▶ **What you are asked to do**: Repeat every record exactly, omitting the pictures.

▶ **Records to use**:

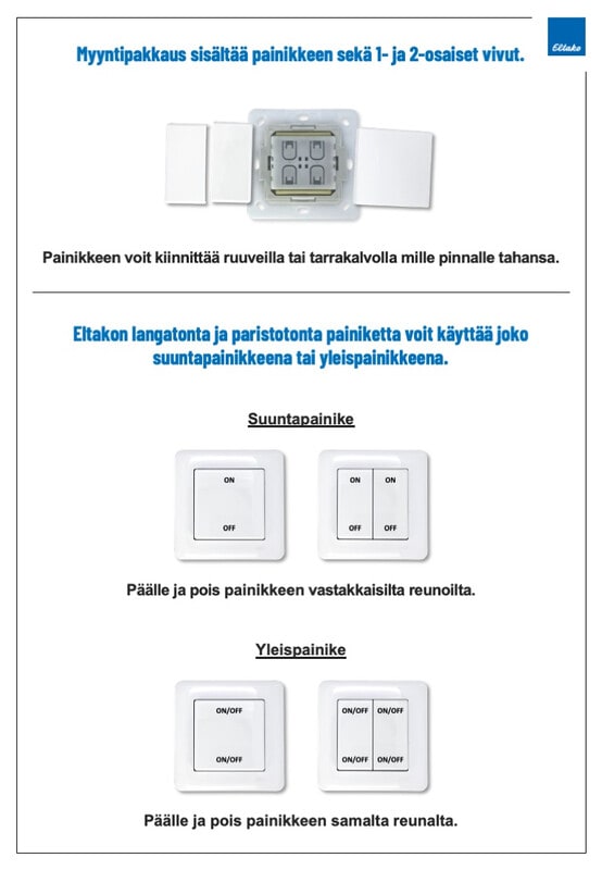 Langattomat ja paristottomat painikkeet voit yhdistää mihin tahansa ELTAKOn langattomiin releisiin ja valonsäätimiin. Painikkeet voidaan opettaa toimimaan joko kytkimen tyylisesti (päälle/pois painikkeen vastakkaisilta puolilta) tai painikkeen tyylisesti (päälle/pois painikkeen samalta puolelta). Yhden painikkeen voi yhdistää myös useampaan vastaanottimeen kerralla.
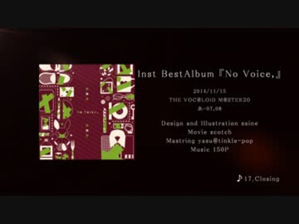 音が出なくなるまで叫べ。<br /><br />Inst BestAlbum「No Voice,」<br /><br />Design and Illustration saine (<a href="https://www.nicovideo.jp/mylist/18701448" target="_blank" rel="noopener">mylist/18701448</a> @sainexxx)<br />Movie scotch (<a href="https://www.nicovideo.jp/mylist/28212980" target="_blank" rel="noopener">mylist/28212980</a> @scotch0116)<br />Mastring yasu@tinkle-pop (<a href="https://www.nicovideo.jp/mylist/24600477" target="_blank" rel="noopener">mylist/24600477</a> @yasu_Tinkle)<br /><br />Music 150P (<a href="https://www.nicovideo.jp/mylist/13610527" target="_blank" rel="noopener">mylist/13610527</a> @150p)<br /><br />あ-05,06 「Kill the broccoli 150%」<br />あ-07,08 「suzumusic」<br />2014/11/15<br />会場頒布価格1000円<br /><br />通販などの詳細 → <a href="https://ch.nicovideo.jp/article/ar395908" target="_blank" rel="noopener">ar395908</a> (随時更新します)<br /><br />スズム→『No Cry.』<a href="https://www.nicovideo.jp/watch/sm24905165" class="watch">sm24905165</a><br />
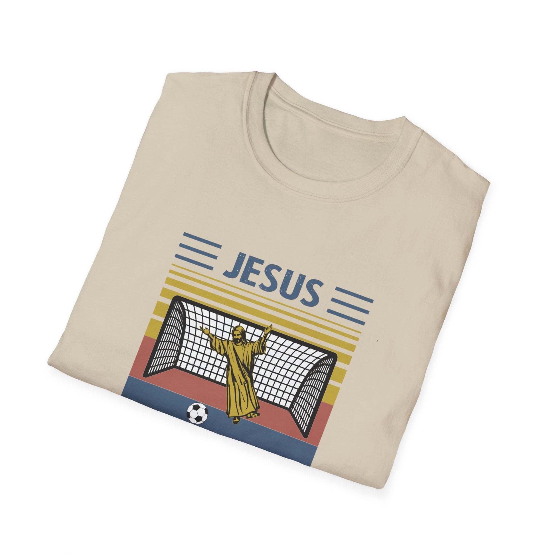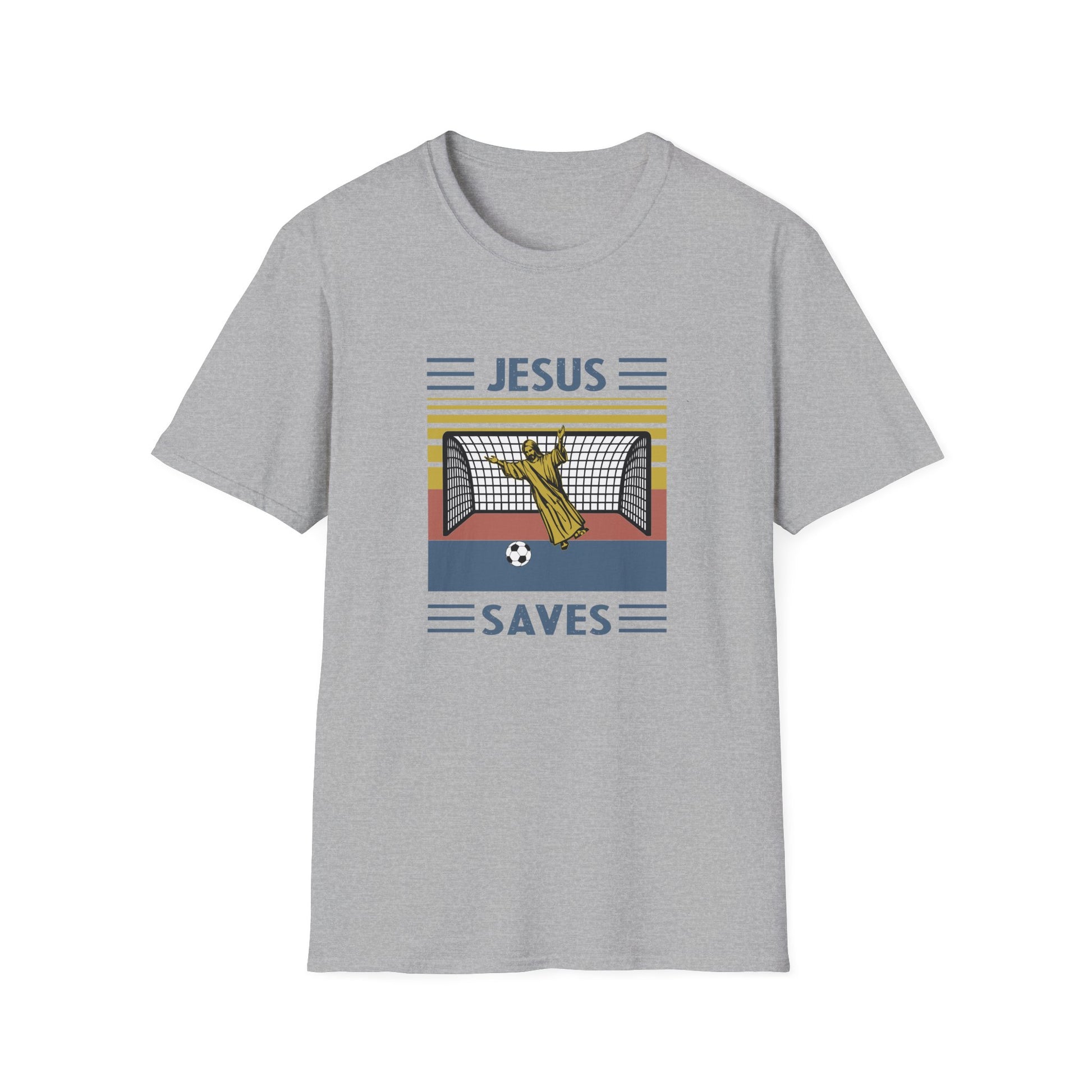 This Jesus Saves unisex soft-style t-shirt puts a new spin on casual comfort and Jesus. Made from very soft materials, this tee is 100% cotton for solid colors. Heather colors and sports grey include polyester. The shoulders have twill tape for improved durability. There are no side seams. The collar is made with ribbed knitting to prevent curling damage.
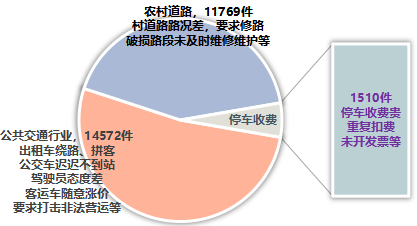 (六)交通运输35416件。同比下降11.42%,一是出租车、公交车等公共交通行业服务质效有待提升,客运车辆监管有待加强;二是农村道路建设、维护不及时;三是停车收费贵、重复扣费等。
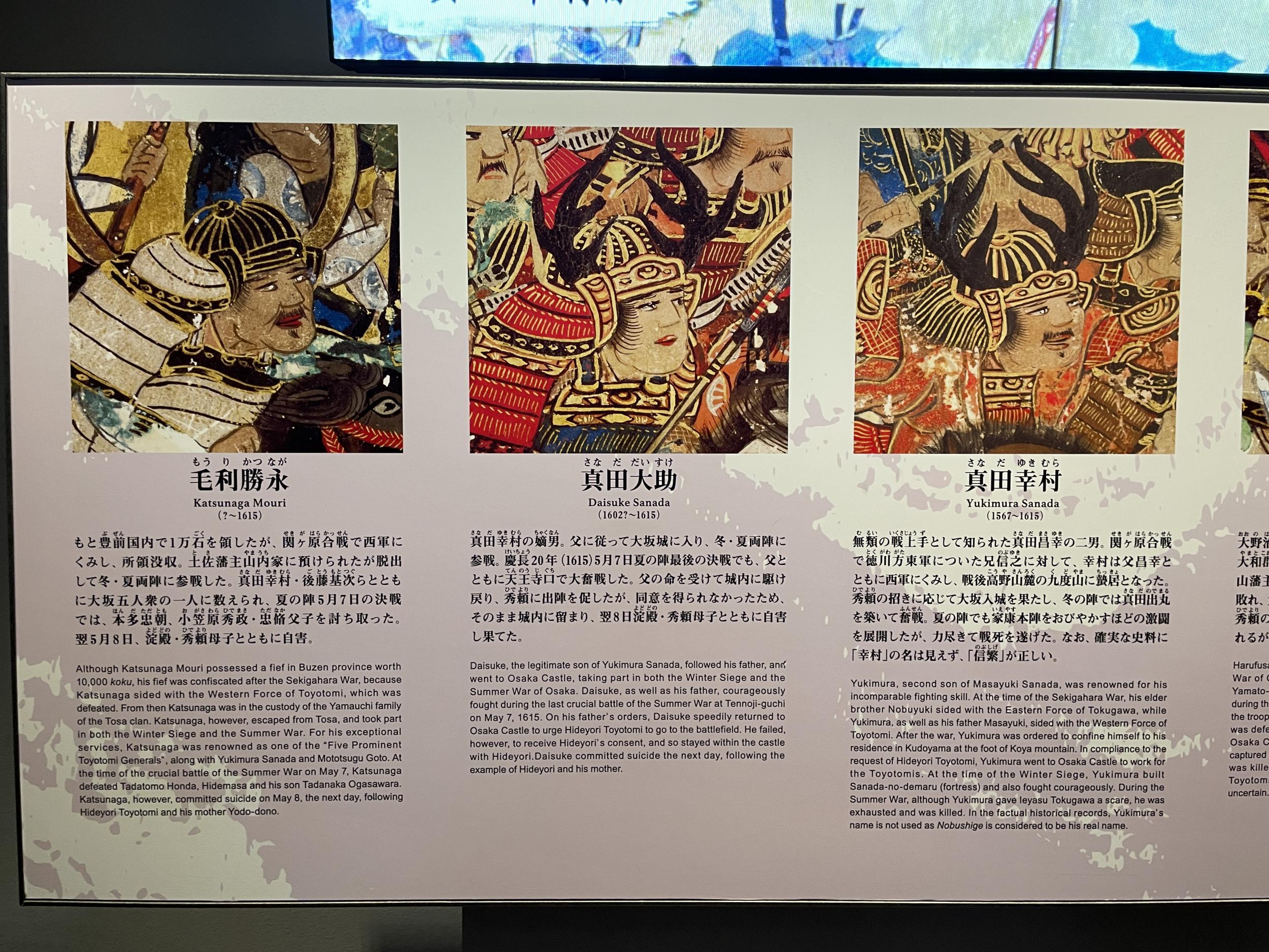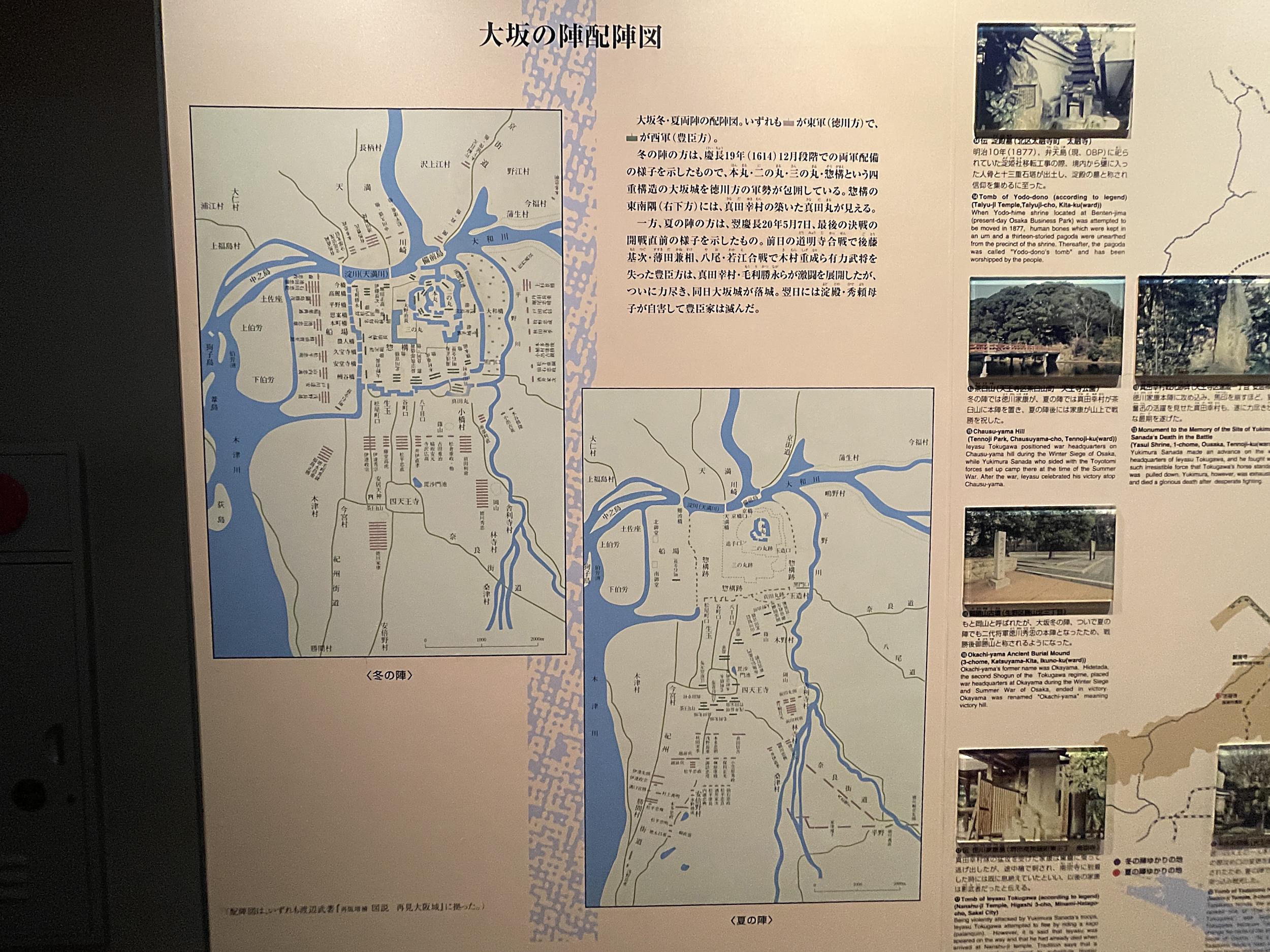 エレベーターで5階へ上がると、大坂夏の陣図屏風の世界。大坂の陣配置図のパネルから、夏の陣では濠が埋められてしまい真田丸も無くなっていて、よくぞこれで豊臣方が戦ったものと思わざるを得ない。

▶ **Response for this exercise**:
 Langattomat ja paristottomat painikkeet voit yhdistää mihin tahansa ELTAKOn langattomiin releisiin ja valonsäätimiin. Painikkeet voidaan opettaa toimimaan joko kytkimen tyylisesti (päälle/pois painikkeen vastakkaisilta puolilta) tai painikkeen tyylisesti (päälle/pois painikkeen samalta puolelta). Yhden painikkeen voi yhdistää myös useampaan vastaanottimeen kerralla.
 音が出なくなるまで叫べ。<br /><br />Inst BestAlbum「No Voice,」<br /><br />Design and Illustration saine (<a href="https://www.nicovideo.jp/mylist/18701448" target="_blank" rel="noopener">mylist/18701448</a> @sainexxx)<br />Movie scotch (<a href="https://www.nicovideo.jp/mylist/28212980" target="_blank" rel="noopener">mylist/28212980</a> @scotch0116)<br />Mastring yasu@tinkle-pop (<a href="https://www.nicovideo.jp/mylist/24600477" target="_blank" rel="noopener">mylist/24600477</a> @yasu_Tinkle)<br /><br />Music 150P (<a href="https://www.nicovideo.jp/mylist/13610527" target="_blank" rel="noopener">mylist/13610527</a> @150p)<br /><br />あ-05,06 「Kill the broccoli 150%」<br />あ-07,08 「suzumusic」<br />2014/11/15<br />会場頒布価格1000円<br /><br />通販などの詳細 → <a href="https://ch.nicovideo.jp/article/ar395908" target="_blank" rel="noopener">ar395908</a> (随時更新します)<br /><br />スズム→『No Cry.』<a href="https://www.nicovideo.jp/watch/sm24905165" class="watch">sm24905165</a><br />
 This Jesus Saves unisex soft-style t-shirt puts a new spin on casual comfort and Jesus. Made from very soft materials, this tee is 100% cotton for solid colors. Heather colors and sports grey include polyester. The shoulders have twill tape for improved durability. There are no side seams. The collar is made with ribbed knitting to prevent curling damage.
 (六)交通运输35416件。同比下降11.42%,一是出租车、公交车等公共交通行业服务质效有待提升,客运车辆监管有待加强;二是农村道路建设、维护不及时;三是停车收费贵、重复扣费等。
 エレベーターで5階へ上がると、大坂夏の陣図屏風の世界。大坂の陣配置図のパネルから、夏の陣では濠が埋められてしまい真田丸も無くなっていて、よくぞこれで豊臣方が戦ったものと思わざるを得ない。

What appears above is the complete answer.